G. Smart Intersections
You'll never see the drunk driver that's about to run the red light. But a smart intersection could save your life. Twenty percent of all crash fatalities and 40 percent of accidents occur at intersections. Smart intersections will communicate with cars, beaming them visual and audio collision warnings, and even taking direct action to slow or stop vehicles and prevent offenders from running red lights entirely.
H. Parking Lots that Talk
Many cars can already parallel-park with little or no human input. Tomorrow's networked cars and parking lots will tell each other when and where a spot opens up, saving drivers from wasting precious time and gas while circling the block. Drivers can beeline to open slots, or head to work and let the car park itself—and then call the car to come fetch them at day's end.
i like letter H. thats my ideal car to pick me up at the air port.
Oh that's cool, I just like the letter H in general. It's my favorite letter from the alphabet.
H. Opening scene to next planes/trains and automobiles.
Guy is late to get plane and chooses the auto park feature.
He gets out of the car, presses the button and realizes he left his cell phone charger in the car. He leaves his bags and runs after the car.
When he reaches the car, he tries to get into the car and gets caught up in the seatbelt and is then dragged to the parking spot.
He gets untangled, gets car charger and now spends 15 minutes walking back to the entrance looking for his bags which were left unattended.
Meanwhile the unattended bag bomb disposal unit is taking his bags to be destroyed.
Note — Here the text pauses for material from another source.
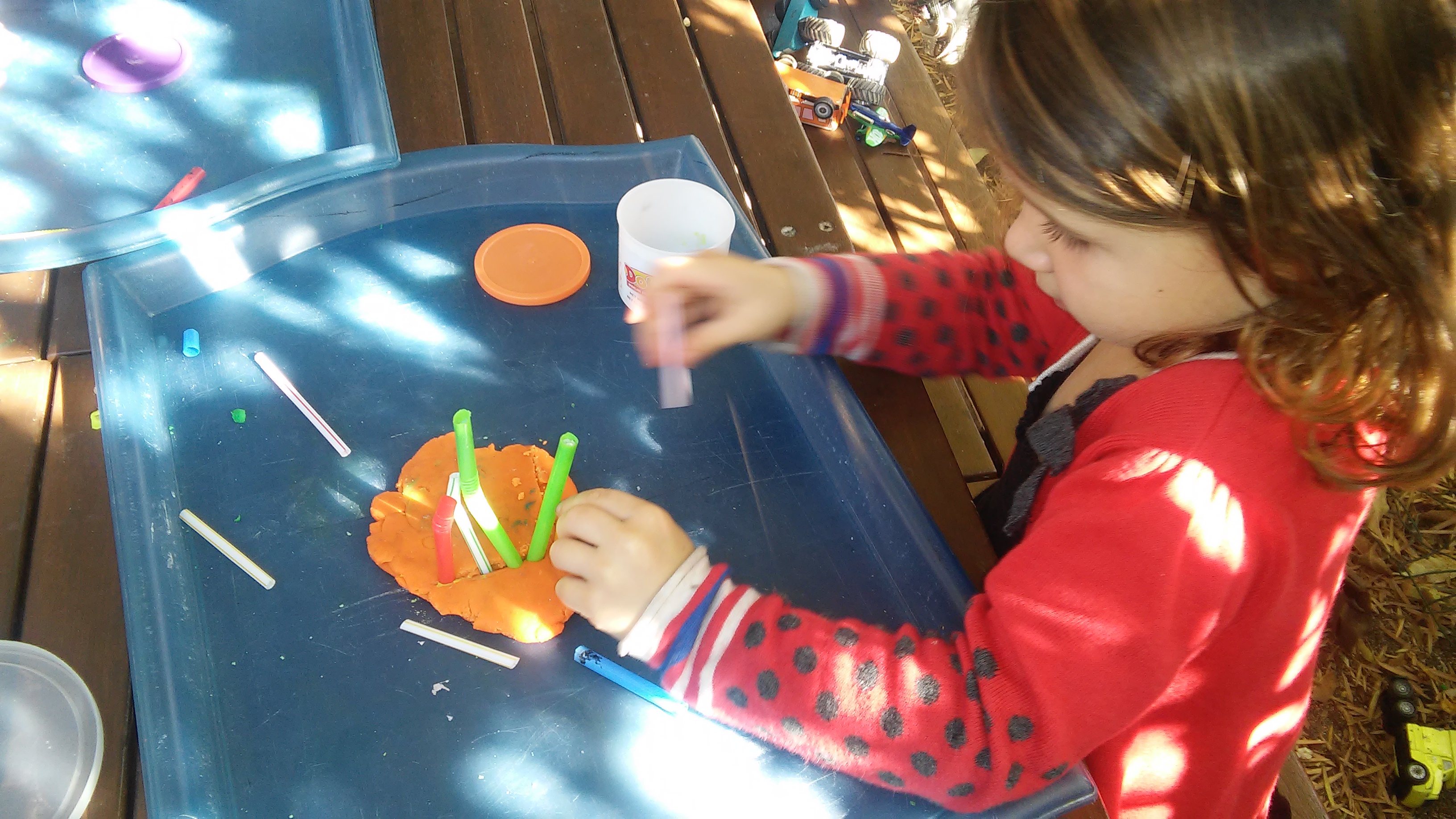Many children feel that practicing handwriting is a chore, an unwanted burden and something they dislike spending time on. With all the technology and electronic devices we have today, it almost seems like handwriting is becoming irrelevant. In our class, it isn’t. There are several ways to form letters, and in our class, we learn to construct them properly without even using a pencil! As your children are introduced to letter formation, they benefit most from a hands-on approach using manipulatives. Even before children can properly grasp a pencil they can practice this way and get a feel for the way a letter should be formed. Miss Carrie models the correct formation with the children and then lets them explore and in essence “create” letters. For this particular activity, we practiced creating letter Ls with Playdoh and straws. Each child poked straws into the Playdoh to create the letter L.

The complexity of these technologies is staggering. Add to that the requirement for nearly 100% participation by vehicles( and pedestrians for "C"), and it begins to approach the impossible. Reliability and economics both work against success.
Weather, RF dead spots, and basic product failure will all impact reliability,
Economics relates to the fact a large portion of the population drives older vehicles that they struggle to maintain. The cost of these new schemes will force them into mass transit/human power(with no RF device attached).
Some of this technology may ne readily available soon. I would suggest that any implementation to a significant degree will take decades longer.
The pedestrian beacon (C) is a potential disaster. What if someone looking to cause trouble throws a few of these out on the freeway.
I have driven cars with the new technology for parallel parking and can see this types of technologies working. Using these technologies to make our roads safer will save many lives.